While the transition has included a few twists and turns during the past couple of months, Thoren credits his players — many of whom are from Lawrence — for making it as smooth as possible.
“They’ve worked so hard and had a great attitude through it,” Thoren said. “And, really, this is their team. It’s not the coaches’ team. It’s the players’ team. That was the very first thing we told them. It’s not like I came into a completely new school and a completely new system.

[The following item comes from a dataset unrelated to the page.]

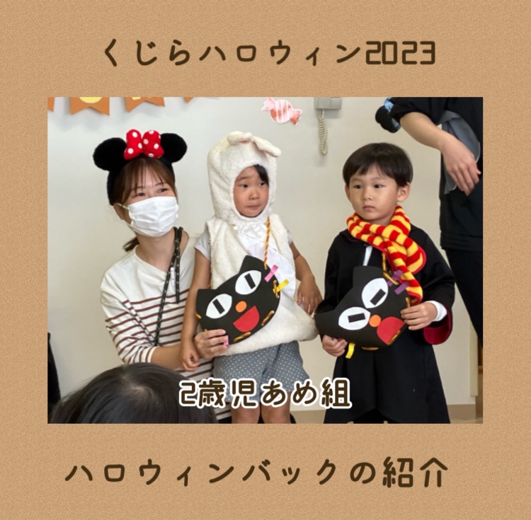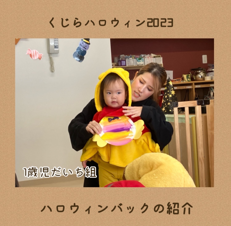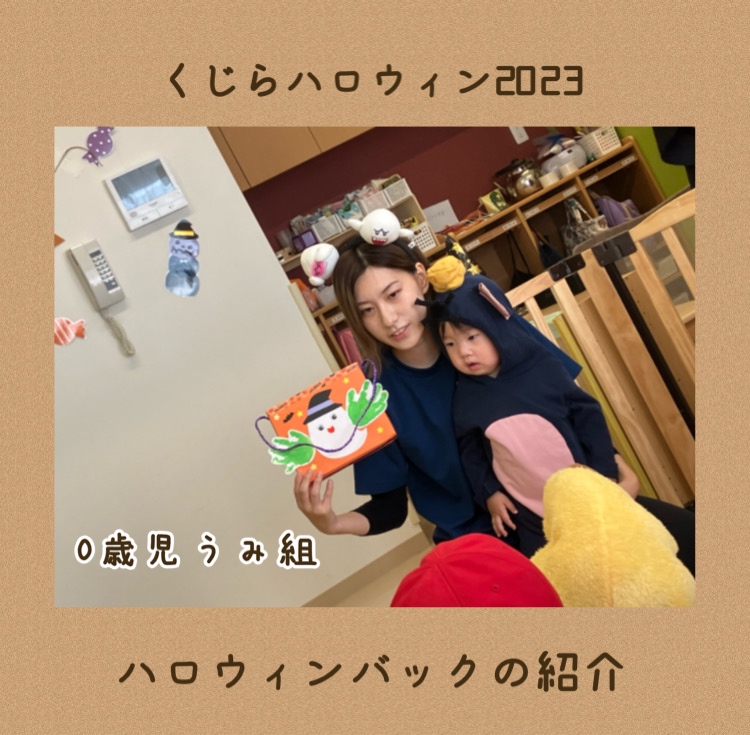 0歳児うみ組は園内で仮装スタッフからお菓子をもらいました。

It was just kind of the next day came and here we went.”
While the players he coaches routinely hear praise from Thoren for their effort, mentality, toughness and passion, it’s the men for whom he played who helped make those things matter to Thoren.
Although naturally gifted with bruising strength and Big 12 size, it was the approach of Thoren’s coaches — Purdy, Lisher, Mason, Dirk Wedd and countless others — that shaped him into a standout football player at both LHS and KU and further fueled the coaching drive inside of him.
“The thing about football in Lawrence is you’re blessed because there’s always good people that are coaching all the way through,” Thoren said. “That’s the benefit of growing up in Lawrence. We always had good coaches and good mentors leading the way.”
Now that he’s one of them, Thoren, at Baker, wants to make sure that today’s young football players in Lawrence and the surrounding area get the same opportunities he did — to play college football and be coached by people who are passionate about the game and their players.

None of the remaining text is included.